▶ _Given information_:
—————

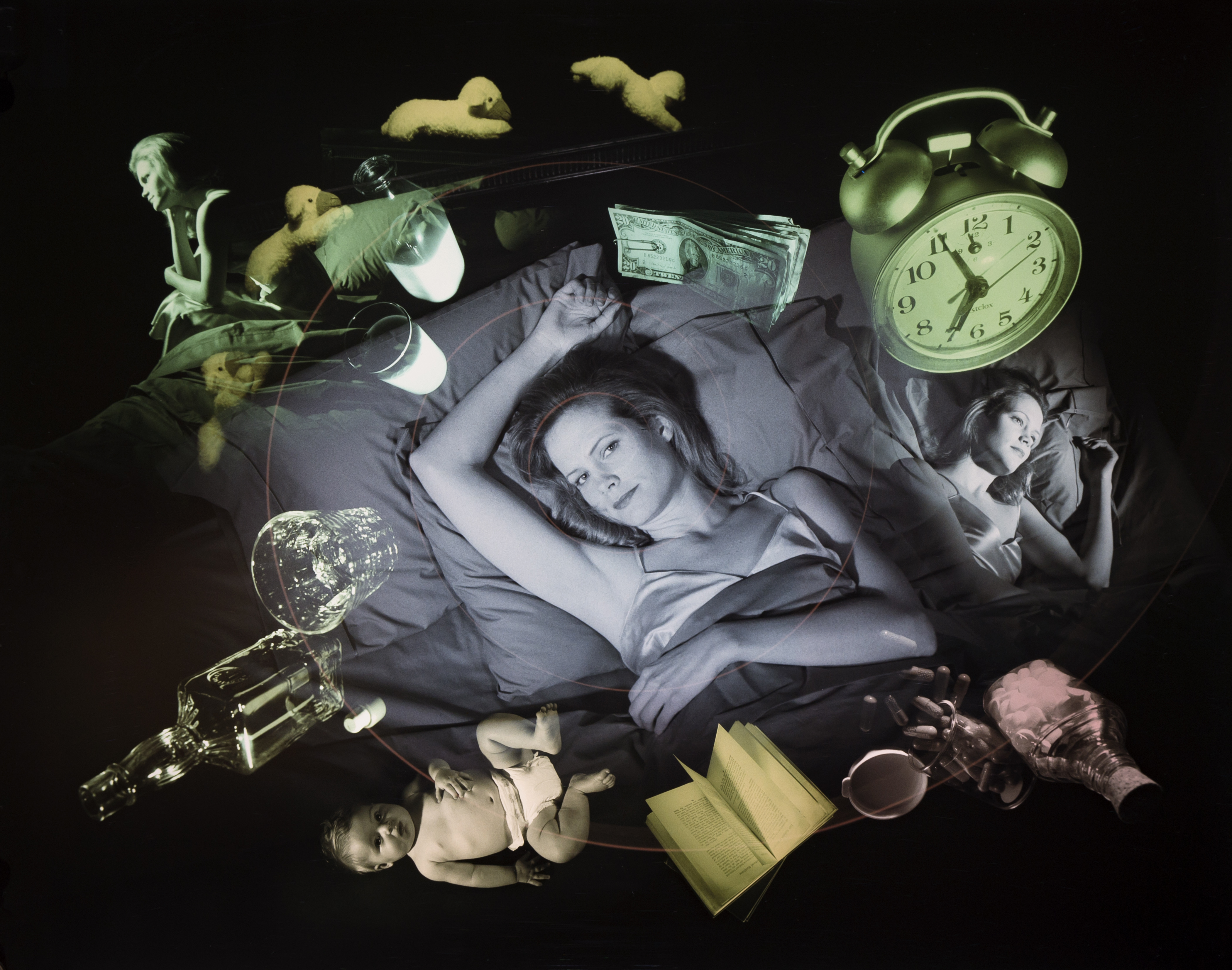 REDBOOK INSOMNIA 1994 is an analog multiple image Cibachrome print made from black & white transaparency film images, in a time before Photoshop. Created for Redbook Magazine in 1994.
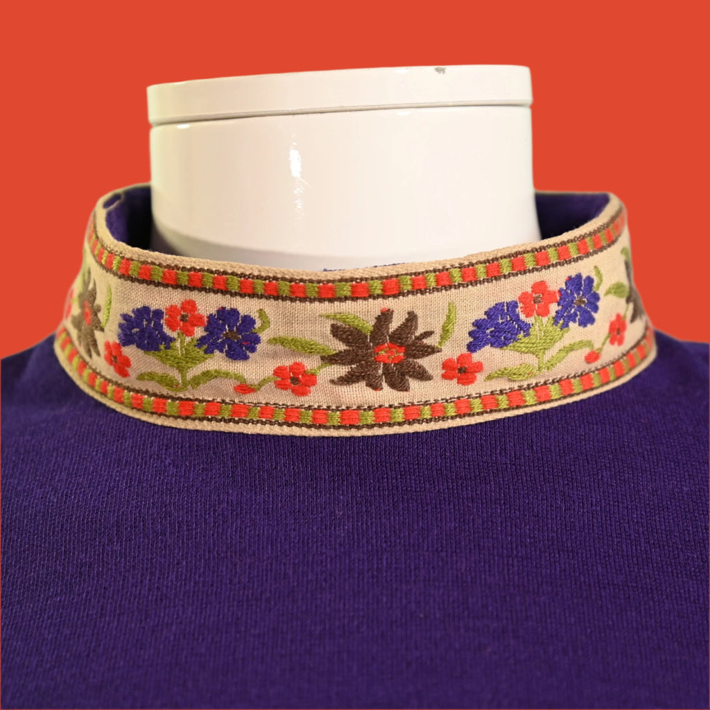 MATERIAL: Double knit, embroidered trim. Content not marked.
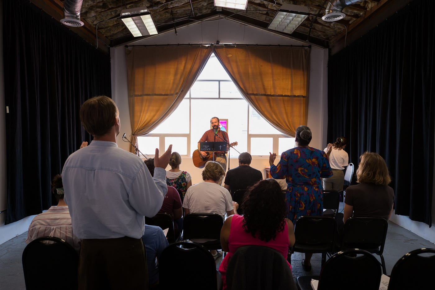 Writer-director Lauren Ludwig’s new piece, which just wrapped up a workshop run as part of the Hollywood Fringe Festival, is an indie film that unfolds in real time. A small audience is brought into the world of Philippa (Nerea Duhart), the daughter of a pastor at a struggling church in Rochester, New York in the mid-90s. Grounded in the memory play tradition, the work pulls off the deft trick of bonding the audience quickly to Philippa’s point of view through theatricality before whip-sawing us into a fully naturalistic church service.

—————

▶ _What to do_: Once the pictures are set aside, repeat the data above exactly.

▶ _Answer box_:
 REDBOOK INSOMNIA 1994 is an analog multiple image Cibachrome print made from black & white transaparency film images, in a time before Photoshop. Created for Redbook Magazine in 1994.
 MATERIAL: Double knit, embroidered trim. Content not marked.
 Writer-director Lauren Ludwig’s new piece, which just wrapped up a workshop run as part of the Hollywood Fringe Festival, is an indie film that unfolds in real time. A small audience is brought into the world of Philippa (Nerea Duhart), the daughter of a pastor at a struggling church in Rochester, New York in the mid-90s. Grounded in the memory play tradition, the work pulls off the deft trick of bonding the audience quickly to Philippa’s point of view through theatricality before whip-sawing us into a fully naturalistic church service.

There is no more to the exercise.